According to the ceasefire deal agreed on April 16, Lebanon must “effectively demonstrate its ability to assert its sovereignty” as a condition for extending the fragile pause in hostilities. Israel, for its part, preserves the right to take “all necessary measures in self-defence, at any time” and to keep its forces deployed on Lebanese soil.
This is the framework through which Lebanese sovereignty is to be performed. Beirut is expected to move against Hezbollah’s armament while Israel retains effectively open-ended military freedom inside Lebanese territory. From Washington’s perspective, the logic is clear: Hezbollah is weaker, Tehran is under pressure, Damascus is amenable, and the government in Beirut has never been more willing to accede to US demands.
But a government easier to influence is not one that can actually govern. There is a way to disarm Hezbollah and consolidate Lebanese sovereignty, but it is not the current path imposed by the US and Israel.
In 1982, Israel invaded Lebanon to expel the Palestine Liberation Organization (PLO). It succeeded in driving the PLO leadership out of Beirut but did not produce a stable Lebanese government or a settlement aligned with Israeli preferences. The Lebanese Civil War entered a new and more brutal phase, epitomized by an Israeli occupation that lasted until 2000. That occupation became one of the central conditions in which Hezbollah emerged and consolidated.

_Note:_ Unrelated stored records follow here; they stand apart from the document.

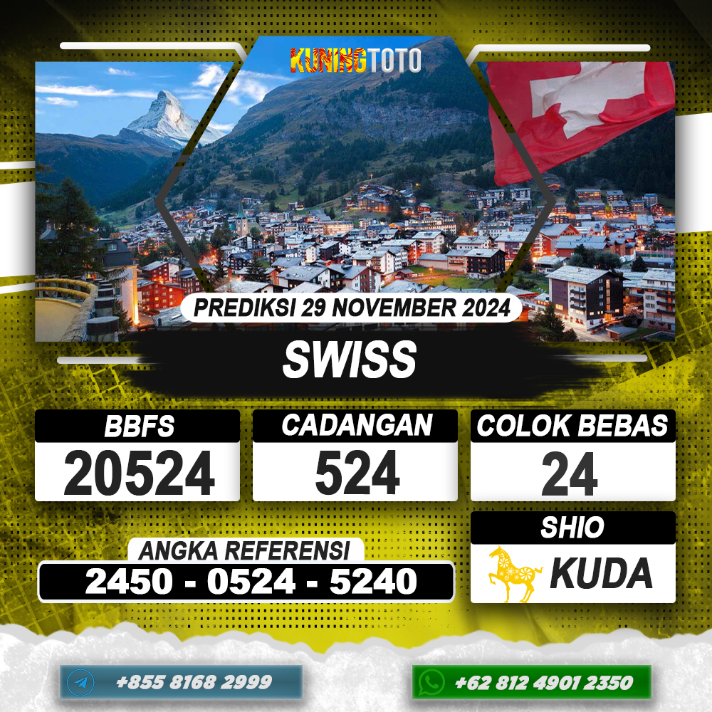 PREDIKSI TOGEL SWISS 29 NOV 2024 – Selamat Datang di Situs Prediksi Togel Online Akurat dan Resmi KUNINGTOTO. Permainan Togel atau Toto Gelap ini telah lama menarik perhatian dan banyak dimainkan oleh para bettor. Sejak dulu permainan togel dimainkan dengan memasang taruhan angka dengan bandar darat yang tersedia di daerah masing – masing. Namun sekarang ini dengan perkembangan teknologi yang semakin maju, para bettor bisa menikmati permainan togel secara online. Anda bisa menemukan banyaknya Situs Bandar Togel Online yang menyediakan layanan pemasangan angka togel secara praktis. Dimana masing – masing situs bandar togel online resmi dan terpercaya tentu menyediakan layanan dan keuntungan yang berbeda – beda untuk Anda.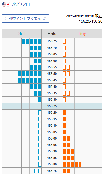 ドル/円 外為注文情報(FX板情報・オーダー状況)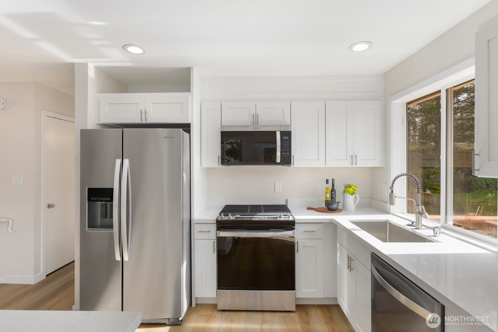 Situated on a corner lot in a quiet cul-de-sac, this beautifully refreshed home feels like the one you’ve been waiting for. Enjoy brand new LVP floors and carpet, fresh paint throughout, and numerous windows bringing in natural light. The newly remodeled kitchen offers quartz countertops, new cabinetry, and an island with seating. The open concept centers around a cozy brick fireplace and opens up to the expansive new deck overlooking a fully-fenced backyard framed by mature trees. With RV parking, top-rated schools nearby, parks, dining, and quick freeway access, this is truly a must-see. Home has been pre-inspected!

The government of Prime Minister Nawaf Salam and President Joseph Aoun, brought about with US-Saudi backing after the 2024 war with Israel ended, is the first national unity government to include Hezbollah and its allies. The government has outlawed Hezbollah’s military wing, expelled the Iranian ambassador, and ordered the authorities to identify, arrest, and deport members of the Iranian Islamic Revolutionary Guard Corps (IRGC).
Lebanon’s current deterrence arrangement cannot be broken militarily before it is replaced politically. Hezbollah’s arsenal is not just a military fact; it is also the hard expression of a political claim: that the Lebanese state, as it exists, cannot reliably defend parts of its population against Israel and therefore an alternative structure of deterrence is necessary.
Washington says it wants a stronger Lebanese state and a weaker Hezbollah. But its actions increasingly suggest something else: not the construction of sovereignty, but the management of fracture under Israeli military primacy. That path is unlikely to end in neat annexation or orderly control; what is more likely is a conflict that proves far harder to stop once it is set in motion.